The liqueur, which has been distilled from fresh musts of Muscat grapes in copper alembic stills since the Spanish conquest, is considered part of Peru’s cultural heritage, but it also maintains a place in U.S. history.
"It’s definitely caught on with the wealthy Park Avenue crowd," said John Iachetti, director of entertainment at the Loews Regency Hotel on Manhattan’s Upper East Side.
Iachetti said he ordered one bottle of Peruvian pisco five years ago and now goes through an average of two each week.
The spirit’s ties to the country date to the 1849 California Gold Rush when ships rounding Cape Horn picked up supplies from the Peruvian port of Pisco, including the local aguardiente.
Cholocale from Peru’s cocoa fields soon followed. Italian confectioner Domingo Ghirardelli moved his chocolate business from Lima to San Francisco, where pisco was becoming the spirit of choice. The legendary Bank Exchange & Billiard Room served Pisco Punch, a potent mix of pisco, gum arabic, and lemon and pineapple juices.
British author Rudyard Kipling, who visited the city in 1889, described the concoction as "compounded of the shavings of cherubs’ wings, the glory of a tropical dawn, the red clouds of sunset, and the fragments of lost epics by dead masters."
The unction is experiencing a renaissance in the U.S. after a nearly century-long hiatus. Peru exported about $800,000 in pisco from January to May, a 150 percent increase over the same period last year, according to exporters association Adex. Export sales have more than doubled to $1.4 million since 2006, and have quadrupled in the past decade.
Part of pisco’s rise to international recognition can be attributed to Peru’s government, which has launched a campaign here and abroad to raise awareness about the banner drink.
Every July, pisco is honored with tasting parties across the country. On the appointed day – the last Sunday of the month – a colonial-era fountain in Lima’s main square gurgles with two thousand liters of the tart aqua vitae. Passerby can tip a cup under one of the fountain’s spouts for a taste.
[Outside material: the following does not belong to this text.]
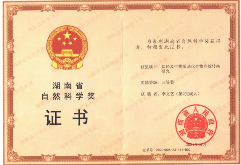 5)湖南省教育厅重点项目:新型席夫碱类稀土配合物的合成、结构及其在催化环酯开环聚合中的研究,19A0682020-2022年。
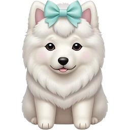 Cinematic Cute Samoyed Portrait Emoji, Head tilted playfully and inquisitively, featuring a fluffy, pristine white Fur with a natural sheen, round, sparkling blue eyes filled with curiosity, Simplified yet irresistibly adorable features, highly detailed, glowing with a warm, friendly glow, high shine, affectionate and lively, stylized with a touch of whimsy, bright and endearing, soft glowing outline, capturing the essence of a mischievous yet loving companion, so playful it feels like it could frolic out of the screen and into your arms! emoji

In 2003, the first Saturday of February was decreed a national holiday in homage to the pisco sour, a cocktail invented by an American barman in Lima in the early 20th century that combines pisco with lime juice, egg whites, simple syrup and bitters.
Peru’s 380 producers are expected to churn out 7.5 million liters this year, a 12 percent increase over 2009, according to the Comision Nacional de Pisco (ConaPisco).
The U.S. is the biggest buyer, followed by Chile, which also lays claims to the invention of the drink. Chile’s annual production of 50 million liters a year dwarfs Peru. Nonetheless, Peru recently surpassed Chile to become the number one pisco exporter to the U.S.
The Volstead Act shuttered the doors of the Bank Exchange & Billiard Room in 1919, and the inventor of the Pisco Punch died shortly thereafter, taking the recipe to his grave. In the second half of the 20th century, as political instability hampered Peruvian exports, Chile added pisco to its growing list of products and soon dominated worldwide sales.
Like Mexican tequila and Japanese sake, Peruvian pisco may now join the ranks of celebrated artisanal spirits, finding its way into cocktails sipped in high-end bars from Manhattan to Taiwan.